Northern Self-sufficiency
Just in the last year or so, we all have become very conscious of the advantage of self-sufficiency in energy and other needs. It's comforting to know that the house will not freeze up if the power goes off because one has a backup wood-burning heating system, or that one has figured out a way to get back and forth to work even if there is no gasoline.
On a larger scale, we are learning how costly it is to import fuel for powering generators or sewage systems in northern villages and towns. Should there be a World-Wide catastrophe of some sort we easily see the advantages that northerners hold if they can have their own sources of food, fuel and other similar needs.

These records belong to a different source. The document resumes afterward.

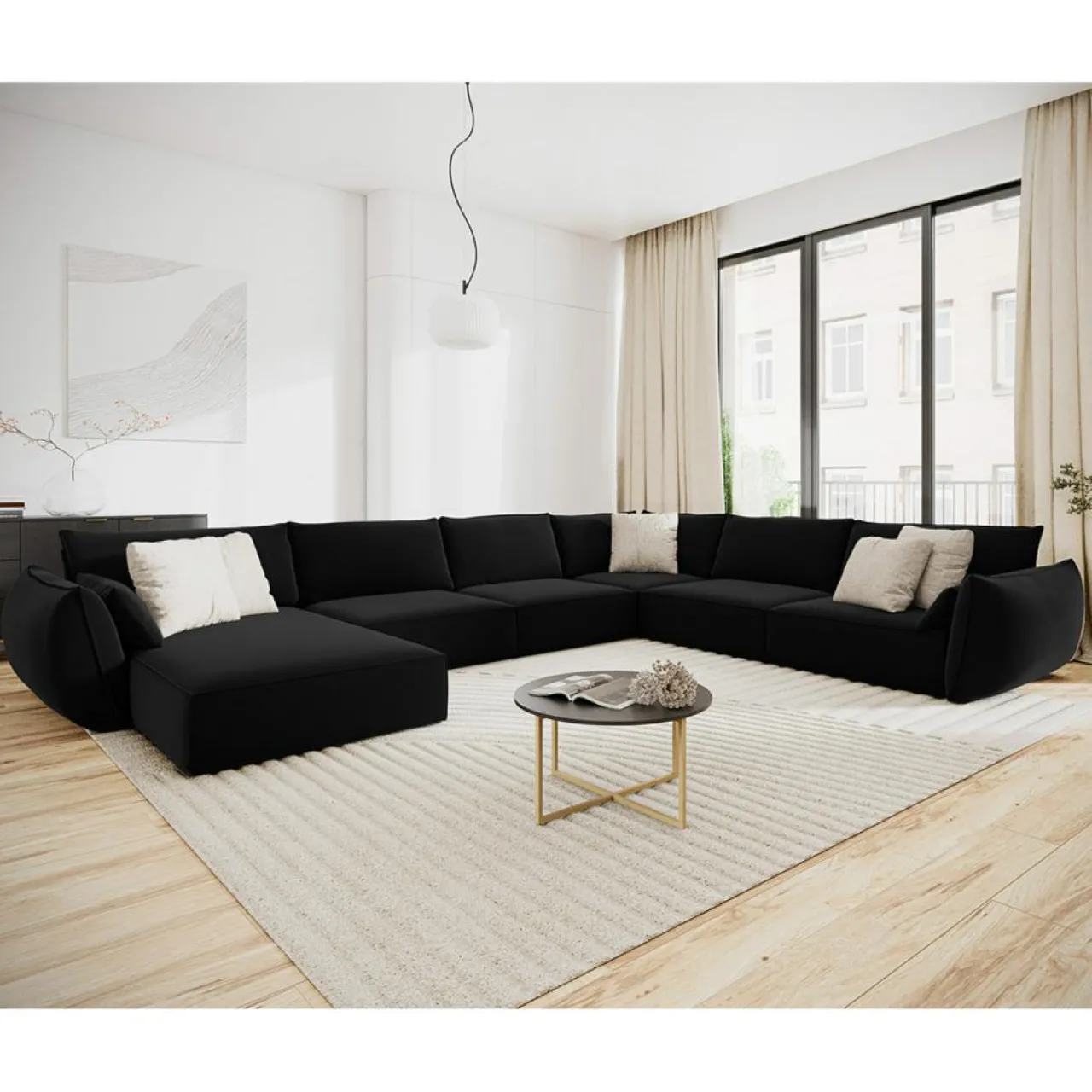 Canapé d’angle Panoramique droit Velours Vanda 8 Places
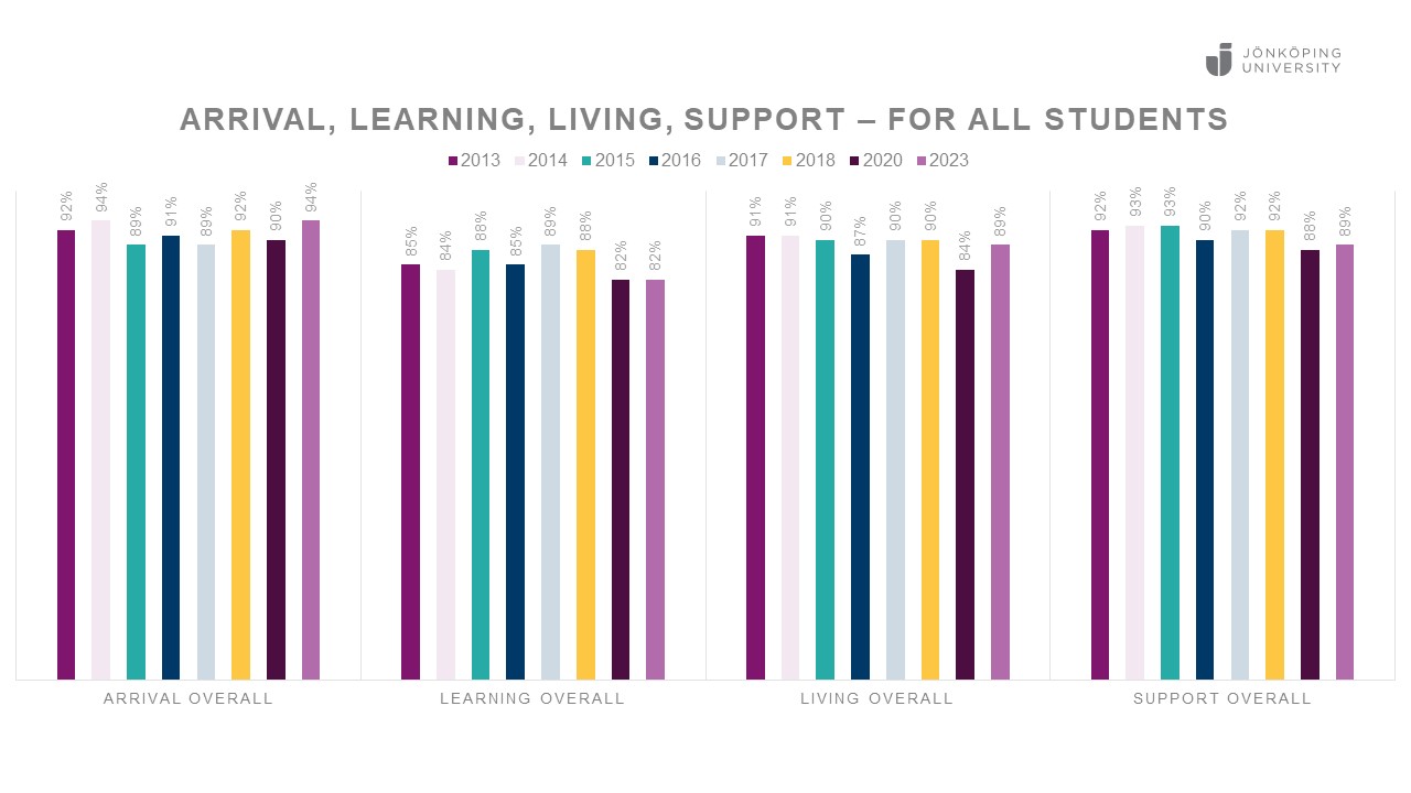 Sedan 2013 har Jönköping University genomfört ISBSB, internationella studentbarometern (ISB) och nationella studentbarometern (SB), åtta gånger. Nedan är några av resultaten från den senaste undersökningen.
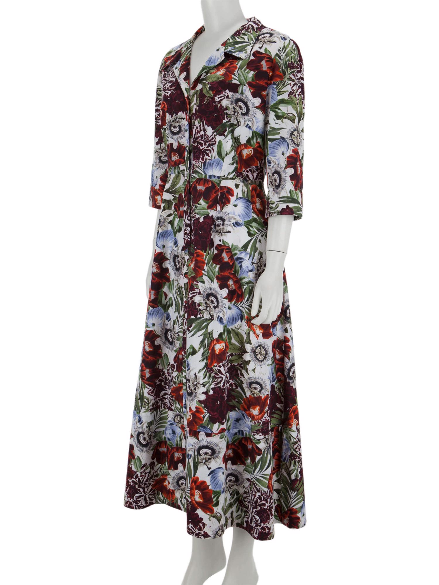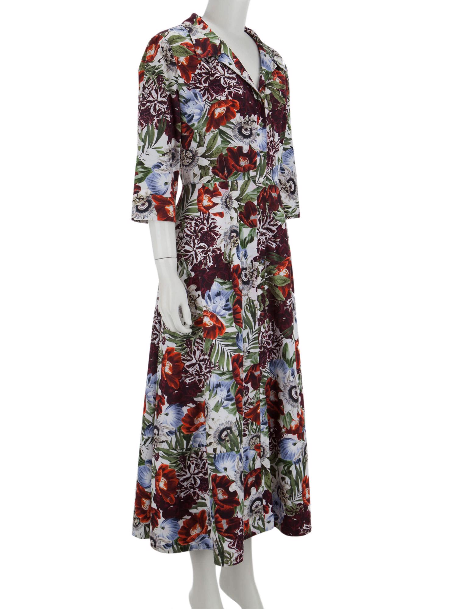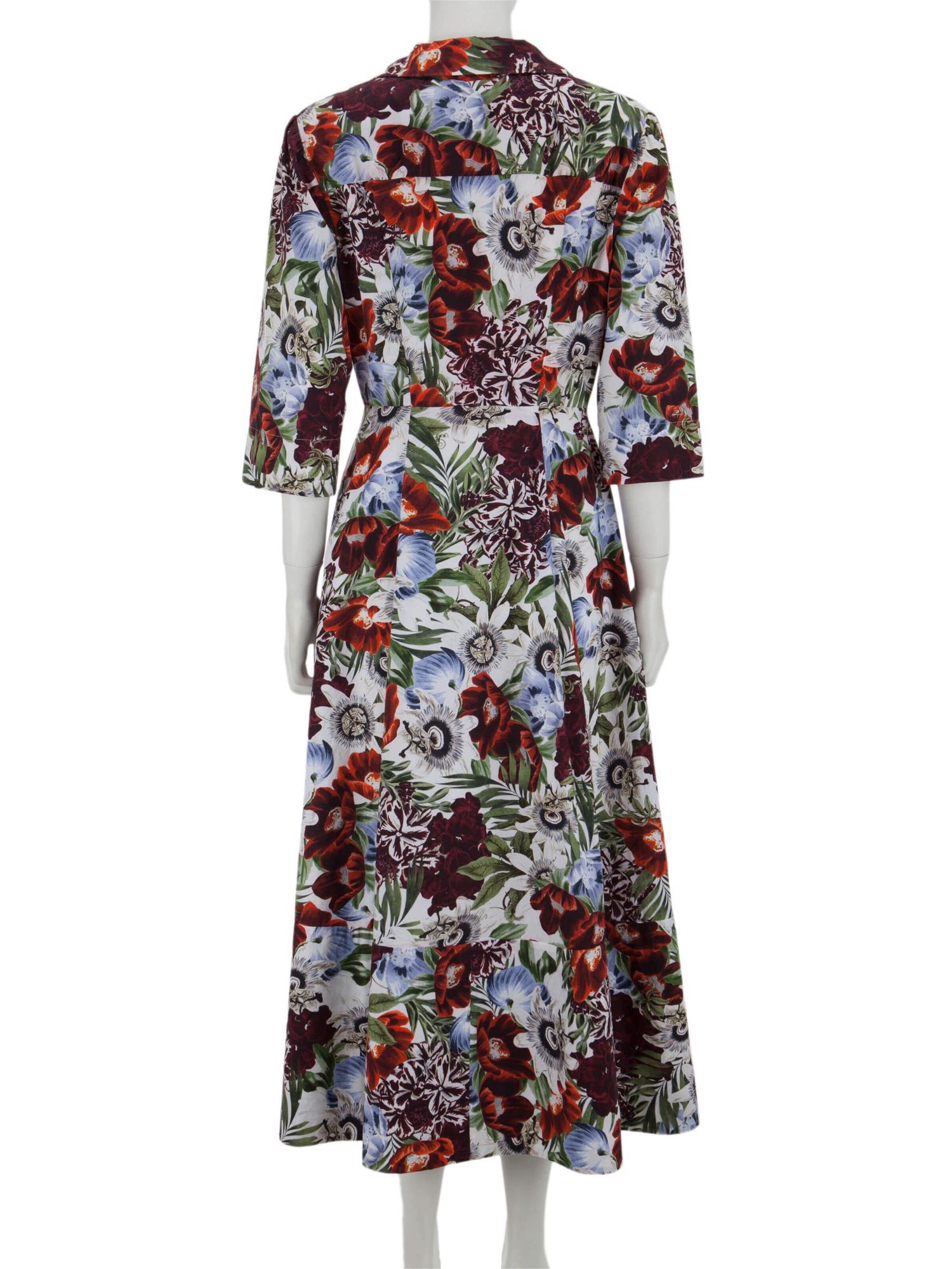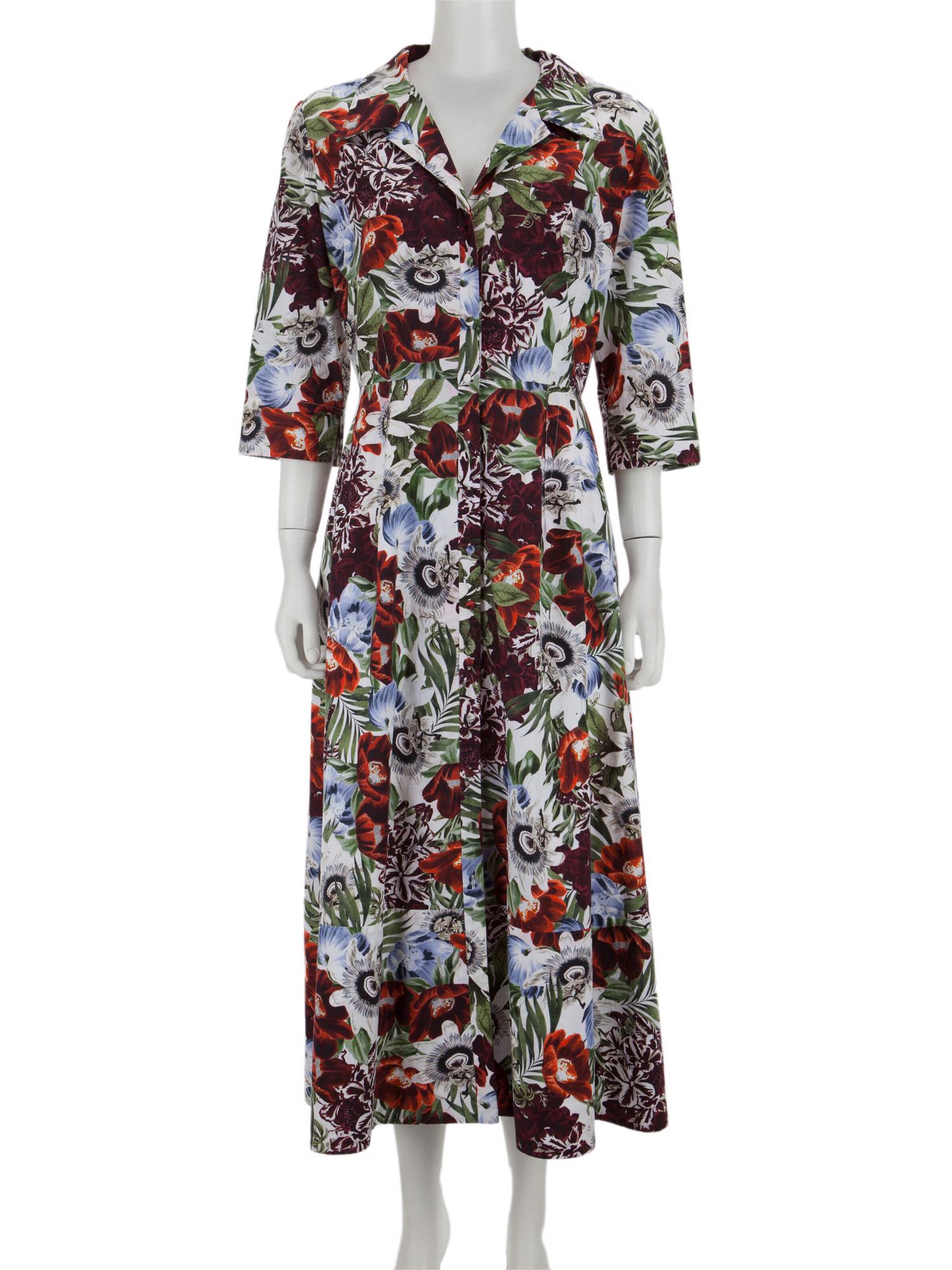 • Önden düğmeli, yarım kollu, yandan gizli cepli, çiçek desenli, kabarık etekli, uzun elbise

Beyond the obvious technical advantages of self-sufficiency there is a more subtle political advantage that self-sufficiency brings, a point which Amory B. Lovins brings out in his book Soft Energy Paths. In a sense, it is an obvious thought: the more self-sufficient is a family, a village or a state, the less need there is for help from outside and the less need there is for government assistance and control.
The more interdependent we are as peoples of a nation or of the world, the more government we need to hold ourselves together and to provide our needs. The larger the technical projects we build--power and food distribution systems, water supply and irrigation systems, railroads and highway systems--the more government is required to construct and maintain them.
So, according to this philosophy, if one wishes to minimize government it is best to encourage small technical projects and local self-sufficiency as much as possible. (Thanks to Doug Yates of Fairbanks for suggesting this topic).